Le site Bourse des vols, un des vendeurs majeurs de billet d’avion pas cher du net francophone, vient de publier le classement des destinations de l’Océan Indien vers lesquelles il a vendu le plus de vols secs en 2012. Saint-Denis de la Réunion reste très largement en tête des destinations les plus prisées vers l’Océan Indien, avec quasiment un billet vendu par Bourse des vols sur deux (44,3 %). La deuxième et la troisième place (respectivement Port-Louis sur l’île Maurice et Antananarivo, capitale de Madagascar) sont quasiment à égalité avec quasiment un billet vendu vers l’Océan indien sur cinq chacun (18,4 % et 18 % respectivement). A noter une belle remontée des ventes vers la capitale de Madagascar avec + 25 % sur un an.

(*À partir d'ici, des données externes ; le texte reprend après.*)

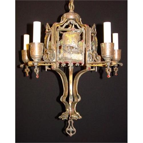 Circa 1910 Tole five light chandelier in bronze.Please email us if you would like more pictures or information.Thanks antique lighting gallery.
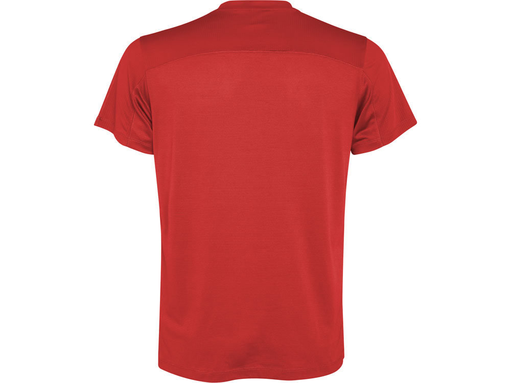 Мужская технологическая футболка с короткими рукавами. Легкая ткань из переработанного полиэстера. · Воротник с перекрещенными деталями. · Кокетка сзади и рукава из дышащей ткани. · Направленные вперед и наклонные швы по бокам и плечам. · Комбинация дышащих и эластичных тканей.
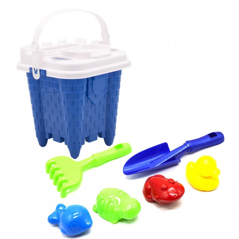Дитячий пісочний набір "Вежа" буде цікавим подарунком для дитини. У наборі є: відерце в формі башточки, грабельки, лопатка, ситечко і 4 пасочки. Виконано набір з якісного і міцного пластику.
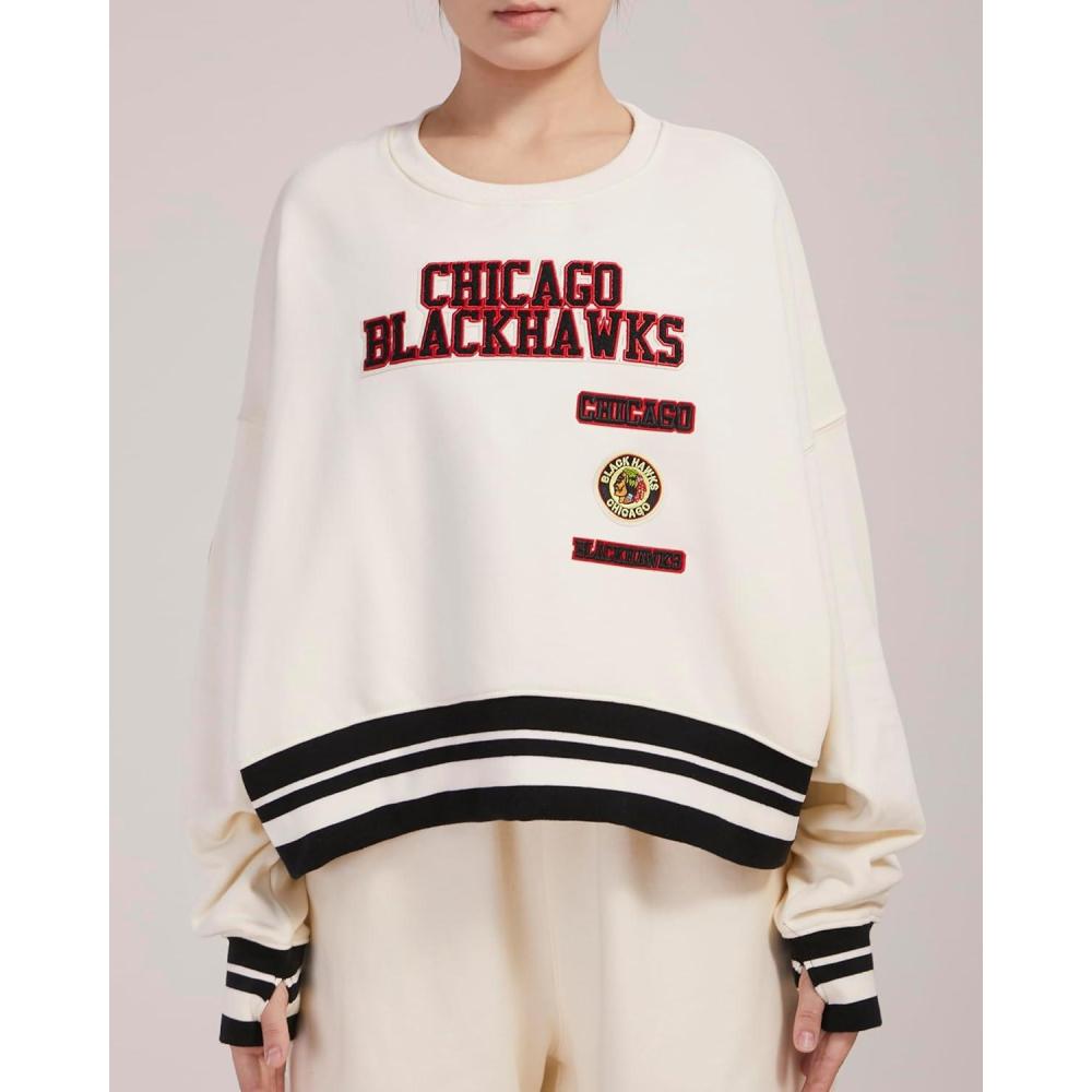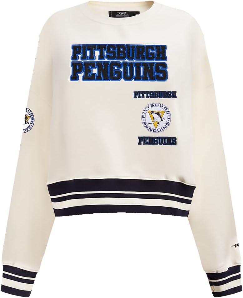 Pro Standard NHL womens Womens Nhl Retro Classics Brushed Back French Terry Crewneck Sweatshirt(Eggshell/ Black)
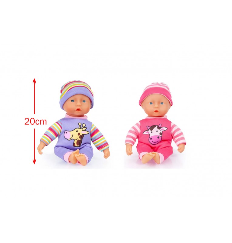 Habillés de pyjamas colorés avec motifs girafe et vache, ils sont parfaits pour les câlins et l'éveil.
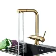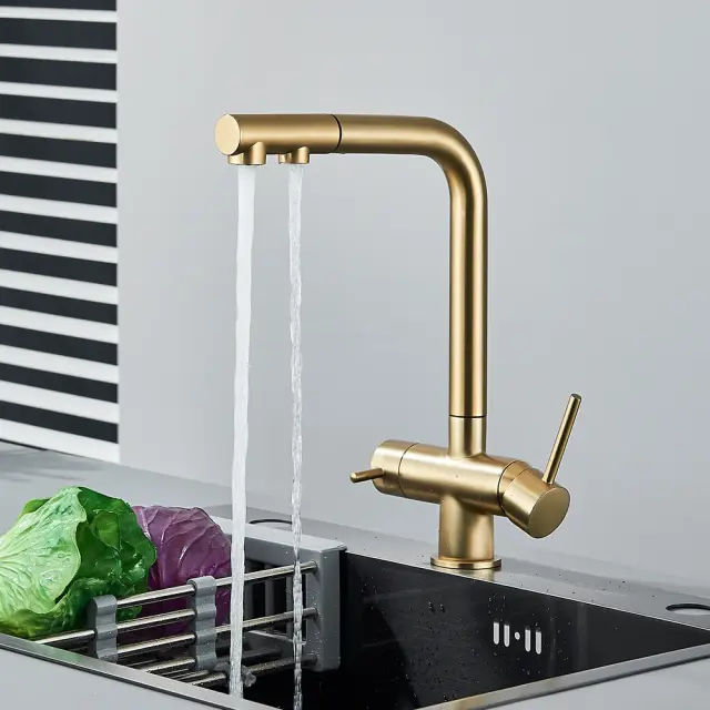 Kuhinjski pipa iz medenine s filtrom, dvojna ročica, vroča in hladna voda, sodoben dizajn, Brušeno zlato
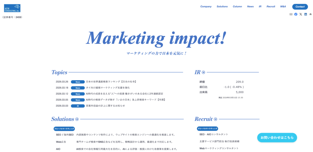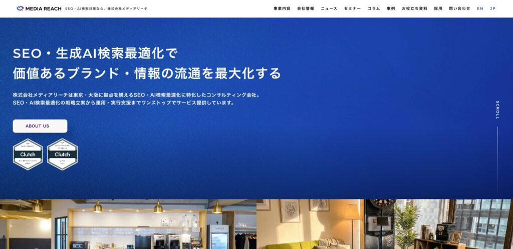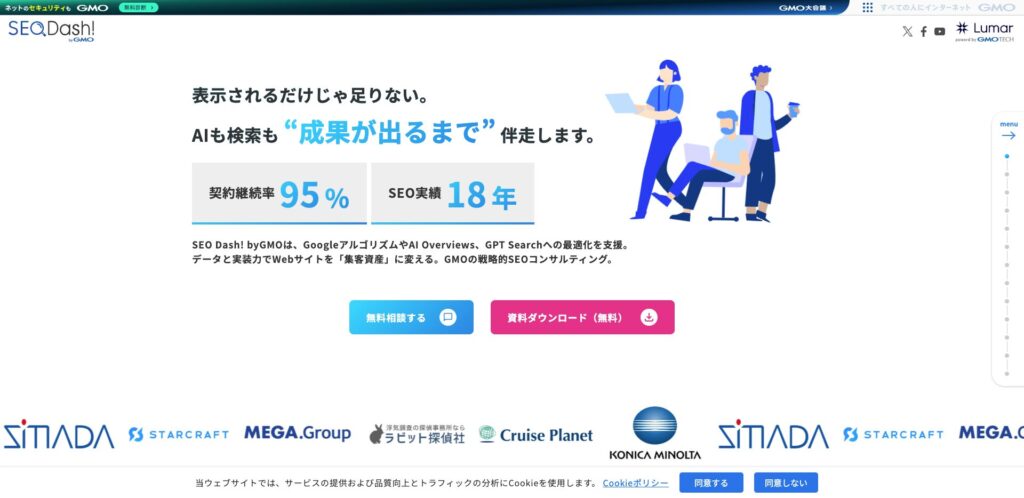 2002年からSEOに従事するベテランコンサルタントが在籍し、MEO対策に加えChatGPT検索対策など最新のAI検索対応を実施しています。テクニカルSEOを得意とし、英国Lumar社と提携した高レベルな分析ツールも保有。SEO・MEO・広告を組み合わせた総合的なWebマーケティング支援が可能です。
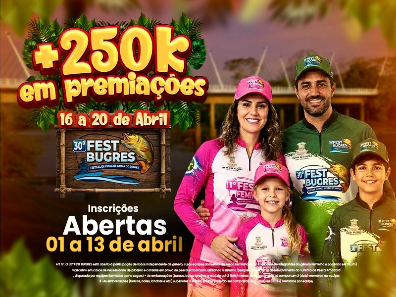 Para atrair pescadores de todo o Estado e de outras regiões do país, a prefeitura anunciou uma das maiores premiações da história dos festivais de pesca de Mato Grosso. Serão dois carros 0km como prêmios principais, além de motores, barcos e valores em dinheiro.

Au total, ces trois destinations remportent  une très large majorité des suffrages, puisqu’elles représentent plus de 80 % des destinations vers l’Océan Indien en 2012. Les six autres destinations suivantes sont Dzaoudzi à Mayotte, Mahé aux Seychelles, Malé dans les îles Maldives (au sud de l’Inde), Tamatave, ville de l'est de Madagascar (qui rentre dans le Top 10 en 2012 en remportant cinq places et + 150 % des ventes de 2011 à 2012), Antsiranana, ville du nord de Madagascar, Port-Mathurin, capitale économique de l'île Rodrigues, appartenant à la République de l’île Maurice, et enfin Saint-Pierre de la Réunion,  qui rentre lui aussi dans le Top ten des destinations les plus courues en Océan Indien.  
Les dix destinations les plus vendues en Océan indien
       
Rang*/Destination

2012

2011

Evolution

1 (1) Saint-Denis de la Réunion

44,30%

44,40%

-0,30%

2 (2) Port-Louis

18,40%

18,70%

-1,70%

3 (3) Antananarivo

18,00%

14,30%

25,70%

4 (4) Dzaoudzi

6,20%

7,00%

-11,60%

5 (5) Mahé

3,10%

4,10%

-23,60%

6 (7) Malé

2,70%

2,30%

15,90%

7 (12) Tamatave

1,40%

0,60%

150,70%

8 (8) Antsiranana

1,30%

1,80%

-27,50%

9 (9) Port-Mathurin

1,10%

1,60%

-27,80%

10 (13) Saint-Pierre de la Réunion

0,90%

0,50%

83,30%

* rang précédent

  A noter l’écart moyen entre la date de la commande et celle du départ, qui est de plus de deux mois (68,7 jours exactement) alors que les départs de dernière minute représentent 10 % des billets vendus vers cette région, en hausse de 10,5 % par rapport à 2011.